- Opening Delimiter -

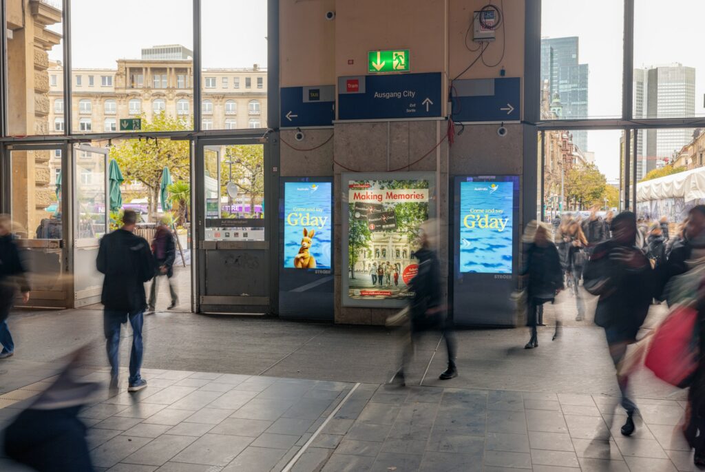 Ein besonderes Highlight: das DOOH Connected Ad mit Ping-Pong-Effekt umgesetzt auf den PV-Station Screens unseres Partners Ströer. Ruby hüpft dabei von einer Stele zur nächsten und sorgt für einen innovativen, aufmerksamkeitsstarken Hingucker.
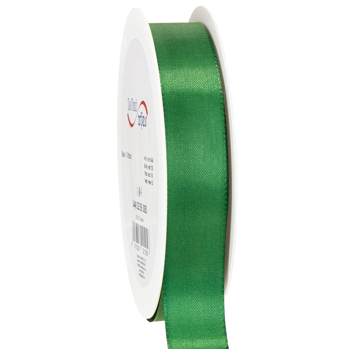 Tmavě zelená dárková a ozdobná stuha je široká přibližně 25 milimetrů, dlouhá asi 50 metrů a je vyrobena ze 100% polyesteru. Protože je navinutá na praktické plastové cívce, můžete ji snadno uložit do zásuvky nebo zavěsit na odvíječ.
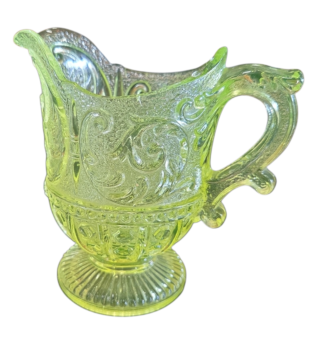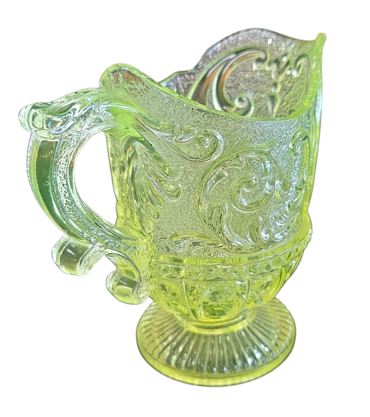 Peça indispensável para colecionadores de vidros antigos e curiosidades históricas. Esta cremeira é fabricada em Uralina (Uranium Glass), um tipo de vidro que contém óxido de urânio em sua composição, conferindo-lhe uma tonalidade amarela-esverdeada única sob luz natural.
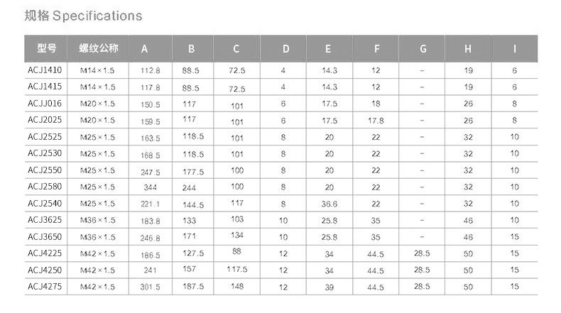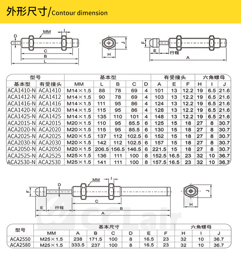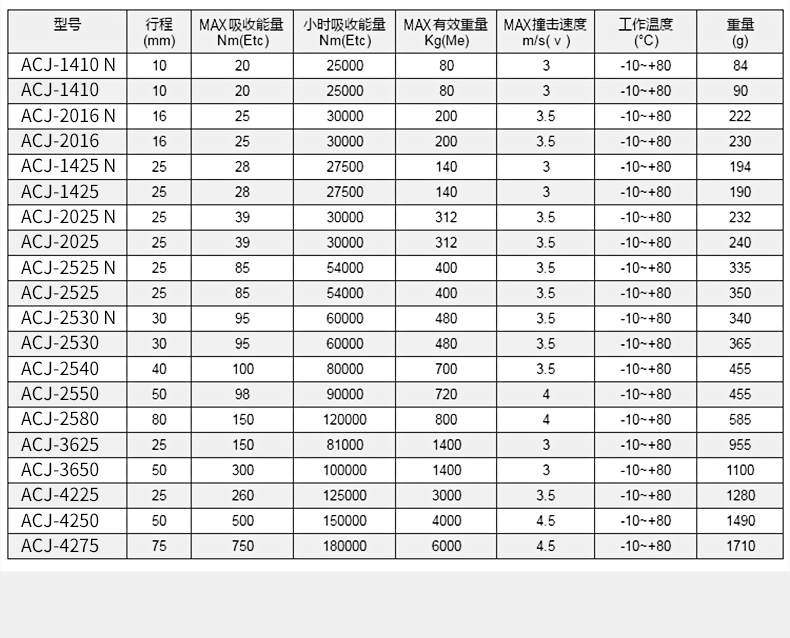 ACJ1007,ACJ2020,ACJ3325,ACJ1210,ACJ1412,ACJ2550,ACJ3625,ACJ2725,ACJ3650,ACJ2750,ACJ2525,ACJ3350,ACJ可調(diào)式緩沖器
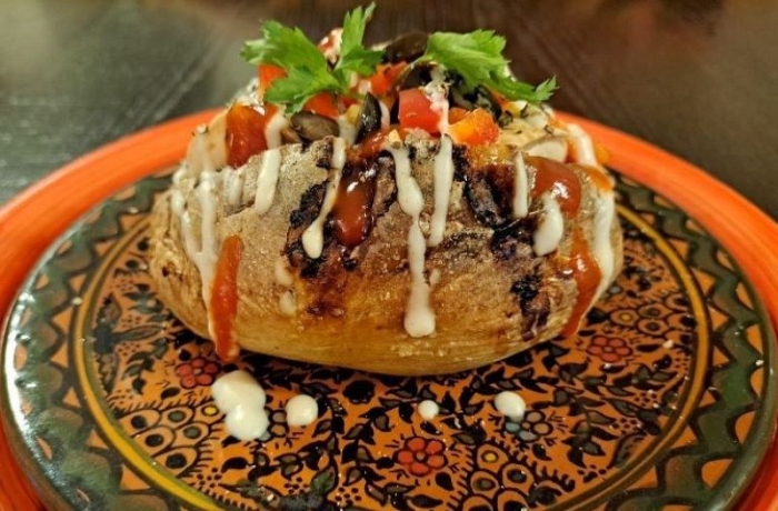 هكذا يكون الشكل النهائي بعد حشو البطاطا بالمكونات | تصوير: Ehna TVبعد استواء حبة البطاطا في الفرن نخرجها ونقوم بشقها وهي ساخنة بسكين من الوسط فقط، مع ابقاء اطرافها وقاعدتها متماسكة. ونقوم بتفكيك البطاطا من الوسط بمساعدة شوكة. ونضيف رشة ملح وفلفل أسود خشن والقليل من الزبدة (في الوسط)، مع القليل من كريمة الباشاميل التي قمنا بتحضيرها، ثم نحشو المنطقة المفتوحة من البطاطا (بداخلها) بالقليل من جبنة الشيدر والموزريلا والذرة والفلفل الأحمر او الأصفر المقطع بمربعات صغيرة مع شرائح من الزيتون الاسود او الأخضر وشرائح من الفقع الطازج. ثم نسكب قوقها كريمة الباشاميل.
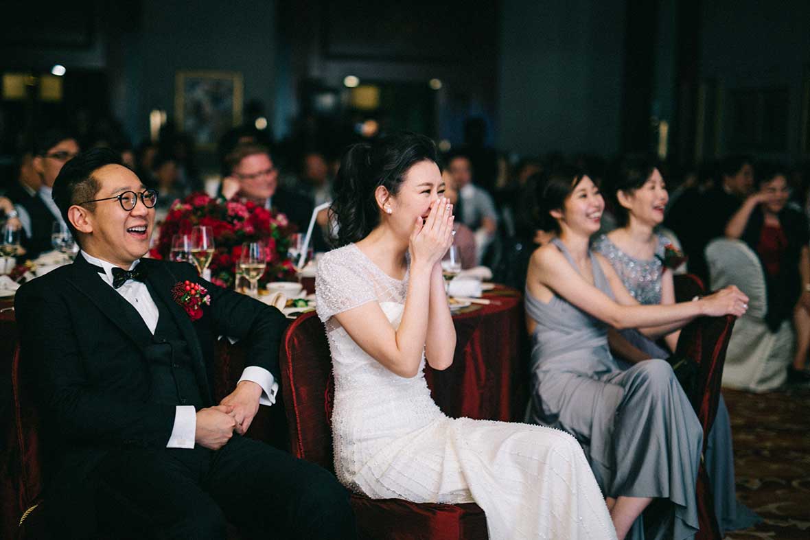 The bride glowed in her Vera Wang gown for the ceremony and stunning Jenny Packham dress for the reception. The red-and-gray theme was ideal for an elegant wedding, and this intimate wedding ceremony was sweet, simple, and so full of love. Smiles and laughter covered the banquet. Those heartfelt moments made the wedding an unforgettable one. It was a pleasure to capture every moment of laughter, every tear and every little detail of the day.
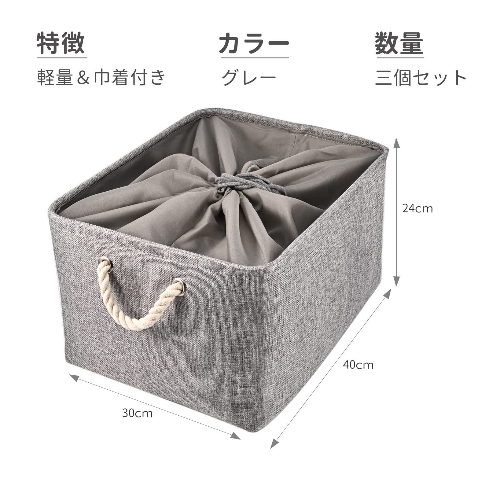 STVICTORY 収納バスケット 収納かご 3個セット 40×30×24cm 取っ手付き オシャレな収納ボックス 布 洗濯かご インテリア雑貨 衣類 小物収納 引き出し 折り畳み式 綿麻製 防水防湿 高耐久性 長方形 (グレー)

- Closing Delimiter -

The answer consists solely of the lines from the one holding "The bride glowed" through the final line of the records, both ends included, each duplicated exactly. Leave images out.

 The bride glowed in her Vera Wang gown for the ceremony and stunning Jenny Packham dress for the reception. The red-and-gray theme was ideal for an elegant wedding, and this intimate wedding ceremony was sweet, simple, and so full of love. Smiles and laughter covered the banquet. Those heartfelt moments made the wedding an unforgettable one. It was a pleasure to capture every moment of laughter, every tear and every little detail of the day.
 STVICTORY 収納バスケット 収納かご 3個セット 40×30×24cm 取っ手付き オシャレな収納ボックス 布 洗濯かご インテリア雑貨 衣類 小物収納 引き出し 折り畳み式 綿麻製 防水防湿 高耐久性 長方形 (グレー)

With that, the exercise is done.